Upon retrieving their chosen material, the groups then processed their samples in our lab. The students put some of their sample on agar plates or in liquid cultures of bacteria. The next day we checked the plates for the formation of plaques, which are small clearings where phage have killed all the bacterial cells in the region. We also checked the liquid cultures to see which ones had cleared: another indication of bacterial death.

Out of seven groups, the four that sampled in or around the river were all successful. Between those groups, the class isolated a total of 18 distinct phages! Much to our lab’s joy, most of those bacteriophages infect Shigella flexneri. Surprisingly few infected S. enterica or E. coli, which was the complete opposite of what we expected. Most previously-described enteric phages infect Salmonella or E. coli, which is why we were hoping to find some Shigella phages in the first place. Maybe Shigella phages just aren’t that popular or were assumed to be uncommon in the environment, so people haven’t been looking. (For more on the topic of fortuitous-but-unexpected results, I recommend reading Frederick Grinnell’s chapter on “Luck in Science” from The Scientific Attitude. The section on “controlled sloppiness” was particularly relevant to me.)

An agar plate with bacteria (white/opaque portion) and plaques (small dark circles). This is phage Jawnski from the University of Pittsburgh. Sarah often sees plaques like this when she closes her eyes after a long day in the lab.

We kept the students updated with our findings while we characterized their phages. We sent them pictures of their phage under the electron microscope. We tested the phages’ host ranges and sequenced their genomes, which we’re still in the process of analyzing. We see some unique properties of these Shigella phages, and we hope to submit a paper on our findings this summer. At the end of the semester, students’ reviews were very positive: “very interesting lecture and cool project!” and “I REALLY loved the fact that the homework assignment was hands-on field and benchwork.” There was only one criticism: they wish it had lasted longer!

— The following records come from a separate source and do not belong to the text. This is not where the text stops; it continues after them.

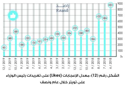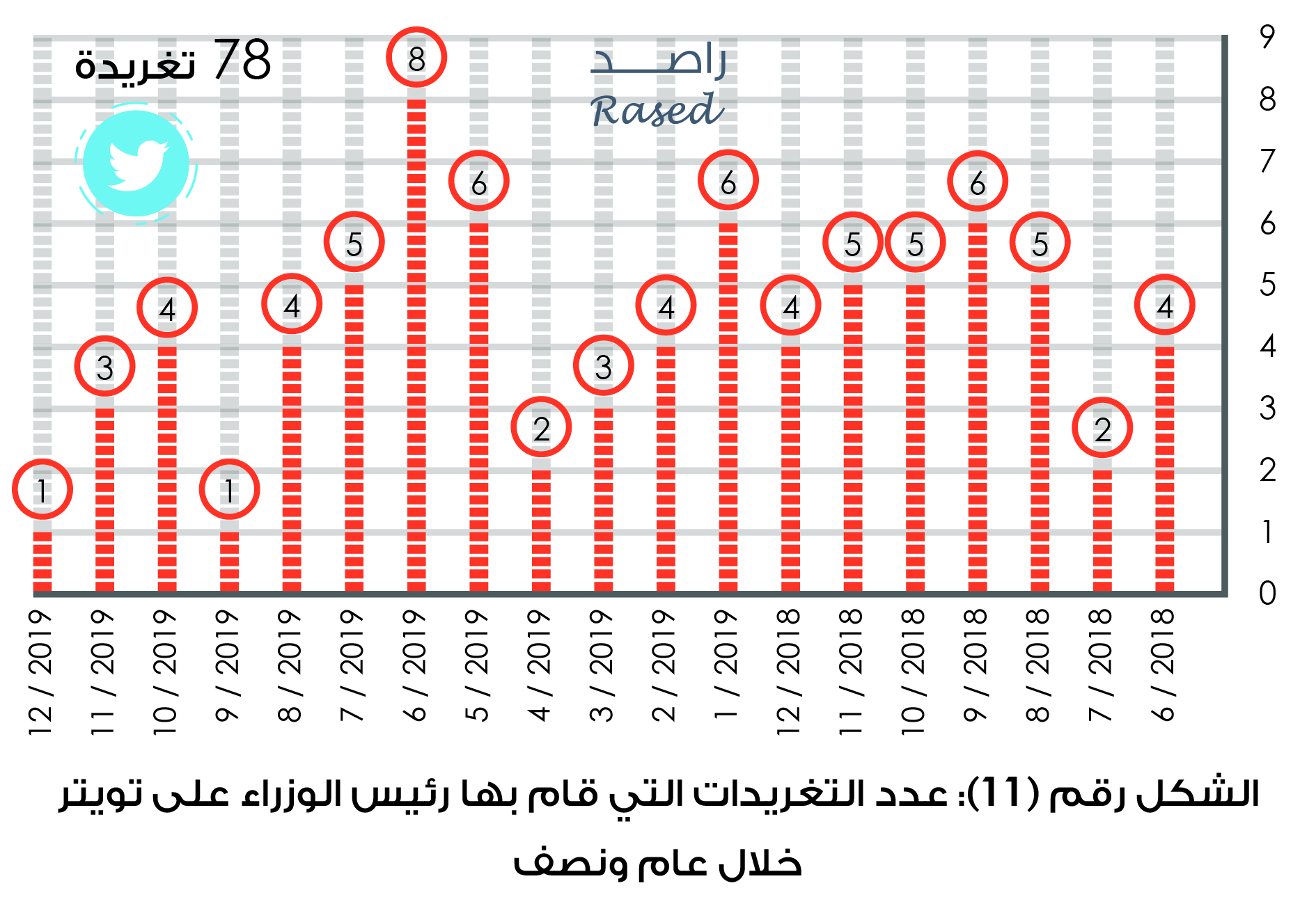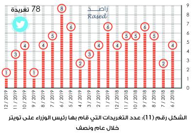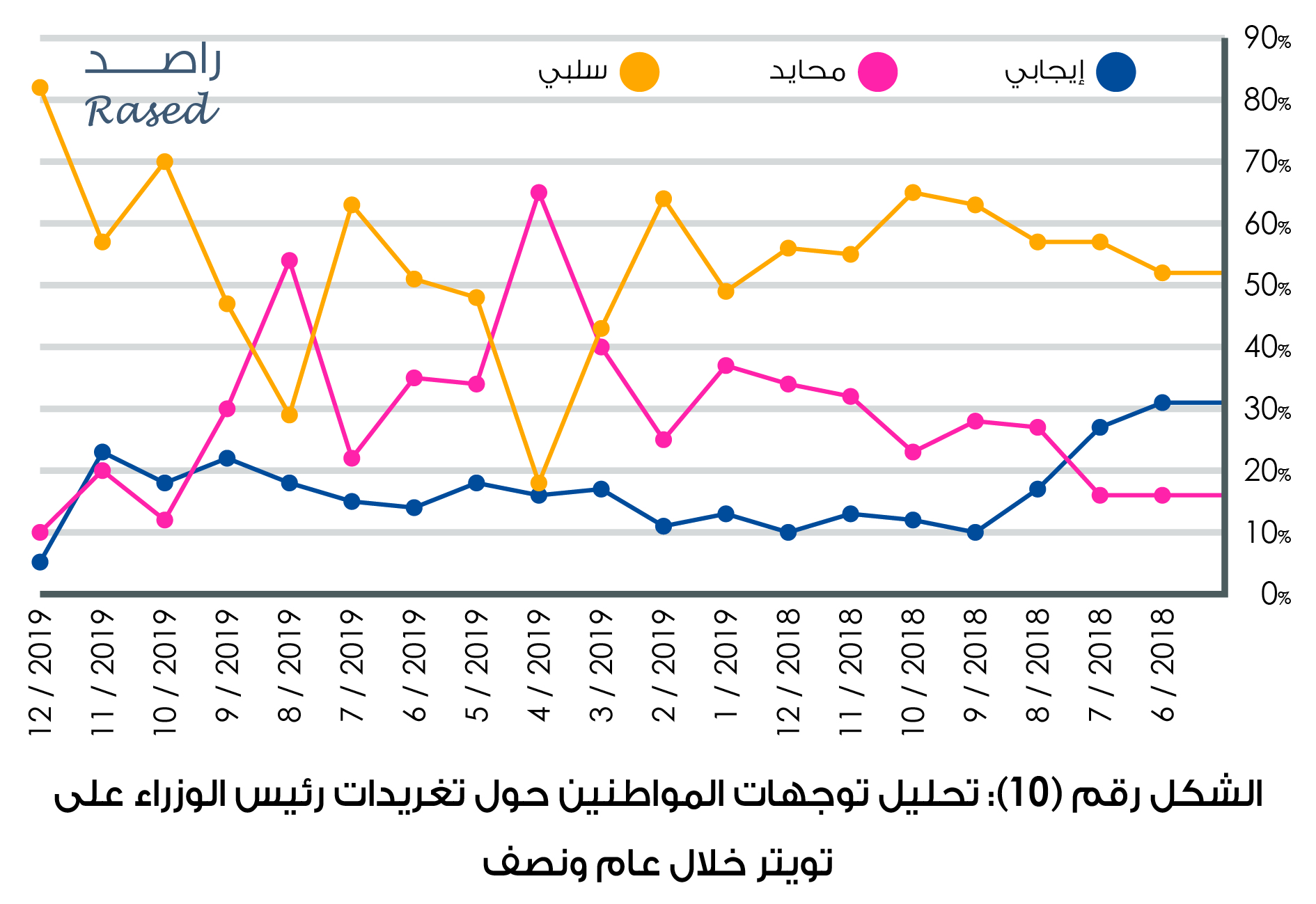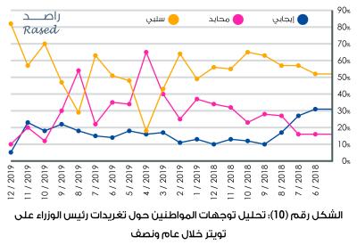 كما عمل فريق التقرير على تتبع الصفحة الرسمية لرئيس الوزراء عبر موقع تويتر وتحليلها حيث بينت النتائج انخفاض مستوى التعليقات ذات الطابع الإيجابي على تغريدات رئيس الوزراء بشكل ملموس من 31% في الشهر الأول لتوليه سلطاته الى 1% في شهر 12/2019 فيما ارتفعت نسبة التعليقات ذات الطابع السلبي من 52% الى ما يزيد عن 82%.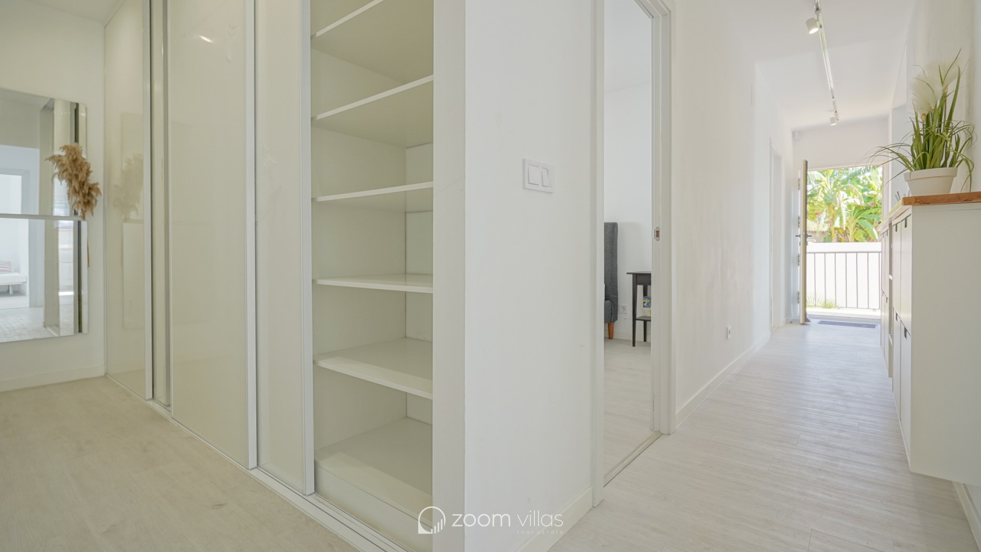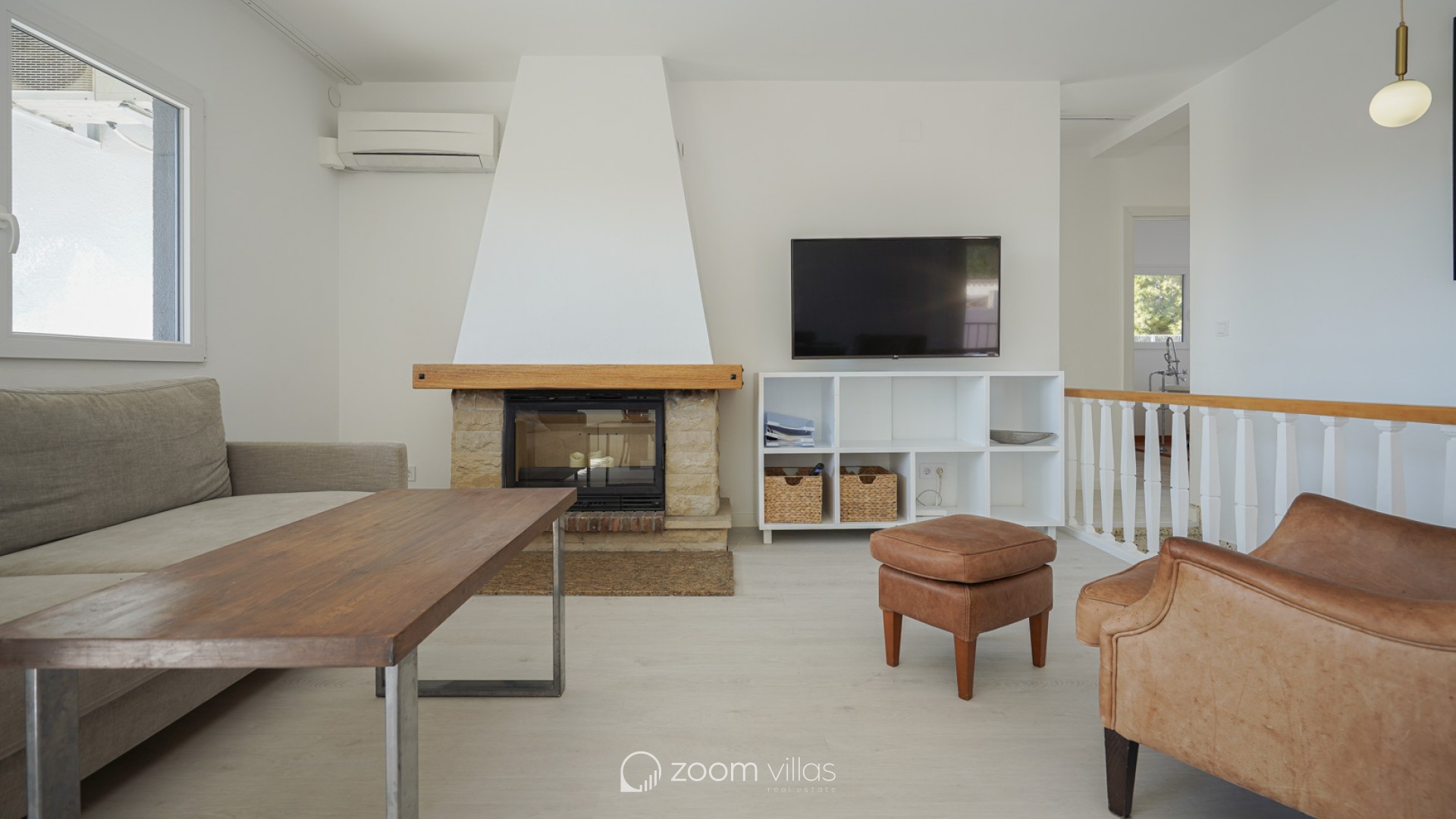 The upper floor features a modern living and dining room with fireplace, a fully equipped kitchen, two spacious bedrooms, a dressing room and a luxurious bathroom with double shower and bathtub. The living room opens onto a large south-facing terrace with views towards the Peñon de Ifach. The kitchen opens onto a covered terrace, ideal for outdoor dining all year round.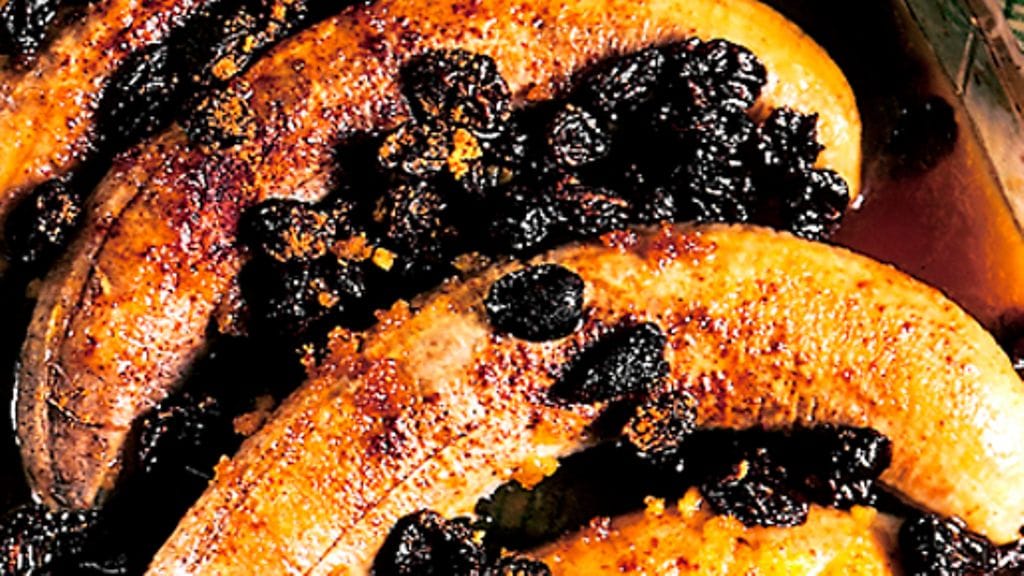 1. Kuumenna uuni 250 asteeseen. Halkaise banaanit pitkittäin ja aseta ne uunivuokaan.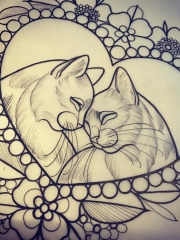 new school鸟蝴蝶爱心小清新纹身图案手稿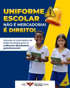 Uniformes escolares distribuídos gratuitamente da rede municipal em Viçosa, não podem ser vendidos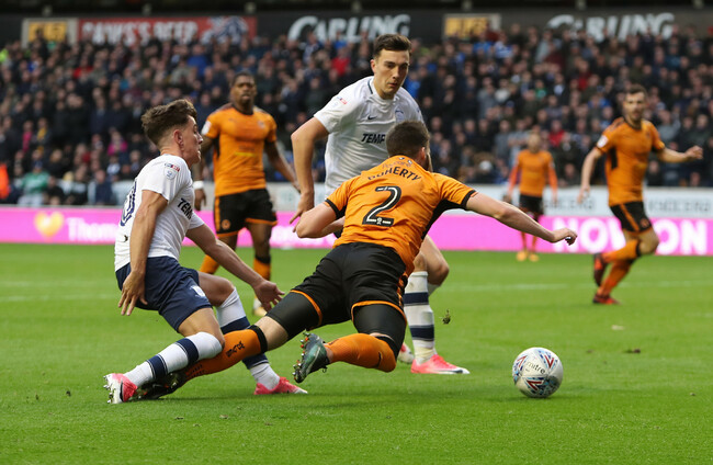 But Preston reduced the deficit within a minute through Jordan Hugill, before a Conor Coady own goal 12 minutes from time led to a frantic finale in which Preston’s Irish midfielder Alan Browne was sent off.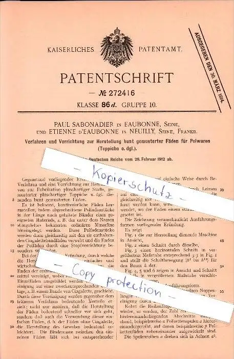 Original Patent - Paul Sabonadier dans Euabonne , 1912 , Production des tapis bariolés , Neuilly !!!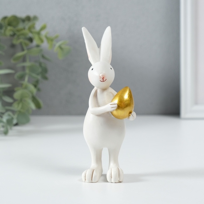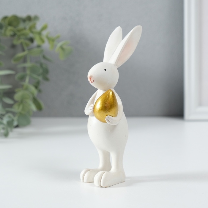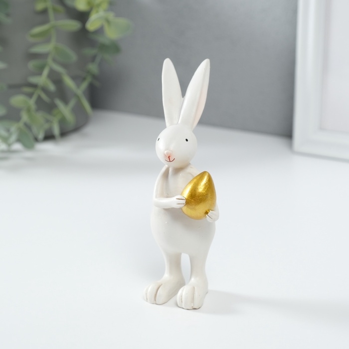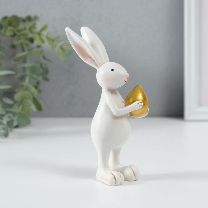 Сувенир полистоун "Кролик пасхальный с золотым яйцом" 4х4х13 см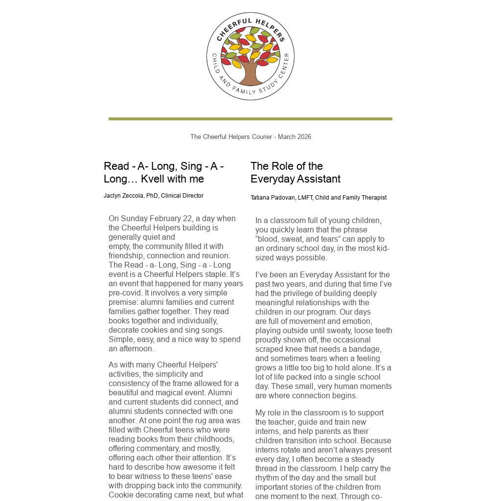 empty, the community filled it with friendship, connection and reunion. The Read - a- Long, Sing - a - Long event is a Cheerful Helpers staple. It’s an event that happened for many years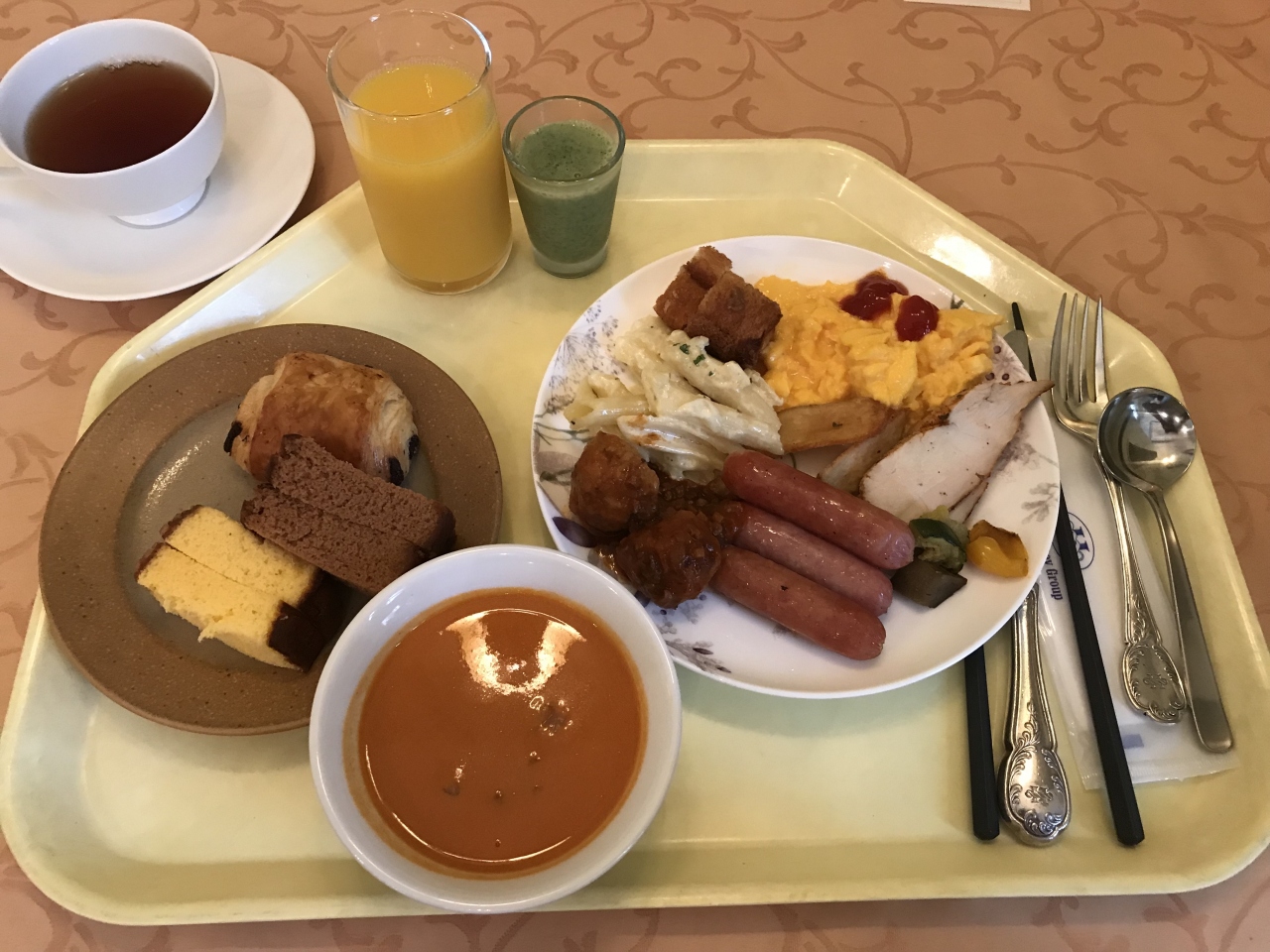 朝食がバイキング形式(宿泊時は)。皿うどん、カステラ等長崎名物が色々。カレーも美味しかった。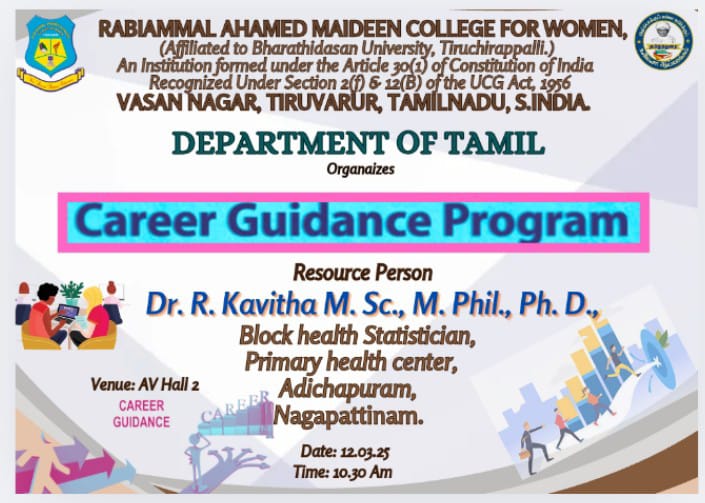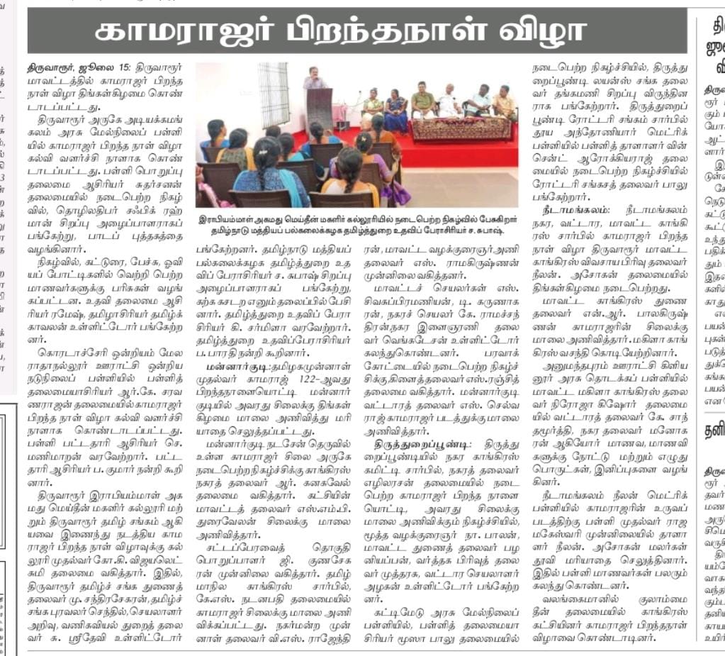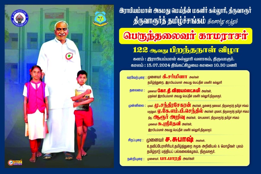 திருவாரூர் இராபியம்மாள் அகமது மெய்தீன் மகளிர் கல்லூரி தமிழ்த்துறை மற்றும் திருவாரூர்த் தமிழ்ச்சங்கமும் இணைந்து 15.07.24 இன்று காலை 10:30 மணியளவில் காமராஜரின் 122 வது பிறந்தநாள் விழாவினைக் கொண்டாடியது. அவ்விழாவின் சிறப்பு விருந்தினராக முனைவர் ச.சுபாஷ், உதவிப் பேராசிரியர், தமிழ்த்துறை, சமூக அறிவியல் மற்றும் மொழிப்புலம் தமிழ்நாடு மத்தியப் பல்கலைக்கழகம் திருவாரூர் அவர்கள் கலந்து கொண்ட தருணம்./font>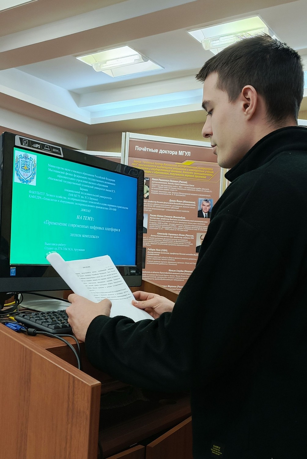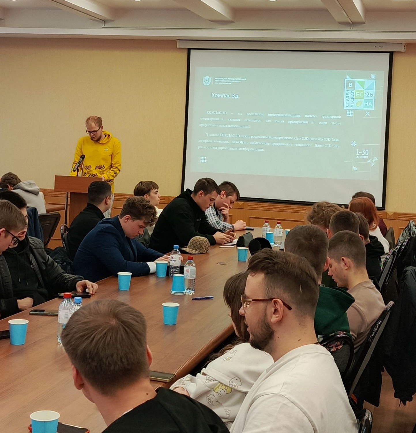 15 апреля 2026 годаВ зале факультета лесного хозяйства, лесопромышленных технологий и садово-паркового строительства (ауд. 1222) прошло заседание секции «Технологии и оборудование лесопромышленного производства» ежегодной Всероссийской научно-технической конференции «Студенческая научная весна», посвящённая 65-летию полёта Ю.А. Гагарина в космос.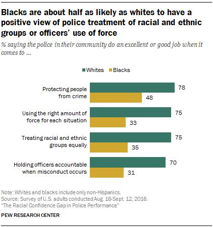 据美国皮尤研究中心今年6月公布的一项最新民调,相比白人群体,黑人群体对警察的信任度极低,黑人对警察的满意度不足白人的一半。

Now we’re working to get similar modules into undergraduate courses here at MSU and in other schools. Phage hunting can be fun for everyone, and hopefully the thrill of discovery can get more students interested in science. So although this isn’t the kind of hunting my younger self ever would have thought about, I think she’s okay with it. The experience of getting your hands dirty, wondering whether to check under rocks (or buoys!), thinking about what you might find where…these are all the ingredients of science. As long as there are new phages to be uncovered and new questions to be asked and answered, the hunt will continue.

References and resources:

Hendrix R.W. et al. (1999) Evolutionary relationships among diverse bacteriophages and prophages: all the world’s a phage. Proc. Nat. Acad. Sci. USA 96:2192-2197.

Grinell, Frederick. The Scientific Attitude. New York: Guilford Publ. 1992. Print.